## YOUR INSTRUCTIONS
All lines of the material that contain "chǎn" must be copied out.

## RECORDS TO USE
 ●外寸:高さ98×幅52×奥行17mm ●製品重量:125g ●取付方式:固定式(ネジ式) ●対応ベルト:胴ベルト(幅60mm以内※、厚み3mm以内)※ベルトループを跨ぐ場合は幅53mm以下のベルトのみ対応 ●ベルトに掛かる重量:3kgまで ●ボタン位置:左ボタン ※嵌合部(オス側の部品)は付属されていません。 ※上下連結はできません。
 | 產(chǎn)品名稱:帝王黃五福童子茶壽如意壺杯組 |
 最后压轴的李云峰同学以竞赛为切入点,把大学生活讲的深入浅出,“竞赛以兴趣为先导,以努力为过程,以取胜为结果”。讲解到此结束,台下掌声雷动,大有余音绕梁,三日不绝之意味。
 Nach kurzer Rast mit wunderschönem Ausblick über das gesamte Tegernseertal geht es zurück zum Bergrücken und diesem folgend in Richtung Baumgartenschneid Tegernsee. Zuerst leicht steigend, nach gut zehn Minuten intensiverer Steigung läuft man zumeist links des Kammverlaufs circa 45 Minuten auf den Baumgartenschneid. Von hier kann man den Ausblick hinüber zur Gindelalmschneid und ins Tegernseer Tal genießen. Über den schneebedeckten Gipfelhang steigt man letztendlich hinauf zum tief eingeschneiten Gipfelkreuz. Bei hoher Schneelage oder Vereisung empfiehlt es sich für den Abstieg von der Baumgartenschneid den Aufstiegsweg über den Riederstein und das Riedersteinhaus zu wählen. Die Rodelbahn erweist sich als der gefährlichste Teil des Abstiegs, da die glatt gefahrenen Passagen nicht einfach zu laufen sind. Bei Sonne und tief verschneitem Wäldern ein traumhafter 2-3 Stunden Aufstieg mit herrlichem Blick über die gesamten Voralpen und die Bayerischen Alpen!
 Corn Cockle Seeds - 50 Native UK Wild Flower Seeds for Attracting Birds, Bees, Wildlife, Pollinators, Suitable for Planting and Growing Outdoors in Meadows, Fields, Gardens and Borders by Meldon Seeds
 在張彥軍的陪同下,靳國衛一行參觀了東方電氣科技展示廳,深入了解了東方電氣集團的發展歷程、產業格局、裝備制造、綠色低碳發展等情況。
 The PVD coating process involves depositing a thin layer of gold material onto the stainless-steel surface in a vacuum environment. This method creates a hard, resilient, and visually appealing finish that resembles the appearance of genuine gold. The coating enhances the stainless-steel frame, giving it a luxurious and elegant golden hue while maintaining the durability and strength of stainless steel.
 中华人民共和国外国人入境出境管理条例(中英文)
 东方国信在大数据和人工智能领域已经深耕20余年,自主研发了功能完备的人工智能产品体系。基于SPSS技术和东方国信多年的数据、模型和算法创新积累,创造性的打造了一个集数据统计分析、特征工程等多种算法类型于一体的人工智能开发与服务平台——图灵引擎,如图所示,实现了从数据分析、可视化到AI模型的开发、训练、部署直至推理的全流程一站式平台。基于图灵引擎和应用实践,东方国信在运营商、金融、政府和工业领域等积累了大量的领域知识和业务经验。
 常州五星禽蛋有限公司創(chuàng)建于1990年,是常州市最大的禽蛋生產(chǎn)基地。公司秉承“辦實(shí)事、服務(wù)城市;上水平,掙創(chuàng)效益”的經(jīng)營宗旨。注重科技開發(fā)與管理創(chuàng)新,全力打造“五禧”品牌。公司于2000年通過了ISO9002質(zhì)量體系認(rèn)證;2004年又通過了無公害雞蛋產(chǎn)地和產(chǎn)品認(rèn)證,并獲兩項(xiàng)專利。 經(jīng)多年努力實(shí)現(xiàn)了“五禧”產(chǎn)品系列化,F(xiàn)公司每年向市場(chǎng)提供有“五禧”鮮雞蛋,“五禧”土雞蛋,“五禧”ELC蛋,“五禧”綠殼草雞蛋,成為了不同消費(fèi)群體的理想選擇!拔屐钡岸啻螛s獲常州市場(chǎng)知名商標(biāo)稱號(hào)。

## RESULT
 | 產(chǎn)品名稱:帝王黃五福童子茶壽如意壺杯組 |
 常州五星禽蛋有限公司創(chuàng)建于1990年,是常州市最大的禽蛋生產(chǎn)基地。公司秉承“辦實(shí)事、服務(wù)城市;上水平,掙創(chuàng)效益”的經(jīng)營宗旨。注重科技開發(fā)與管理創(chuàng)新,全力打造“五禧”品牌。公司于2000年通過了ISO9002質(zhì)量體系認(rèn)證;2004年又通過了無公害雞蛋產(chǎn)地和產(chǎn)品認(rèn)證,并獲兩項(xiàng)專利。 經(jīng)多年努力實(shí)現(xiàn)了“五禧”產(chǎn)品系列化,F(xiàn)公司每年向市場(chǎng)提供有“五禧”鮮雞蛋,“五禧”土雞蛋,“五禧”ELC蛋,“五禧”綠殼草雞蛋,成為了不同消費(fèi)群體的理想選擇!拔屐钡岸啻螛s獲常州市場(chǎng)知名商標(biāo)稱號(hào)。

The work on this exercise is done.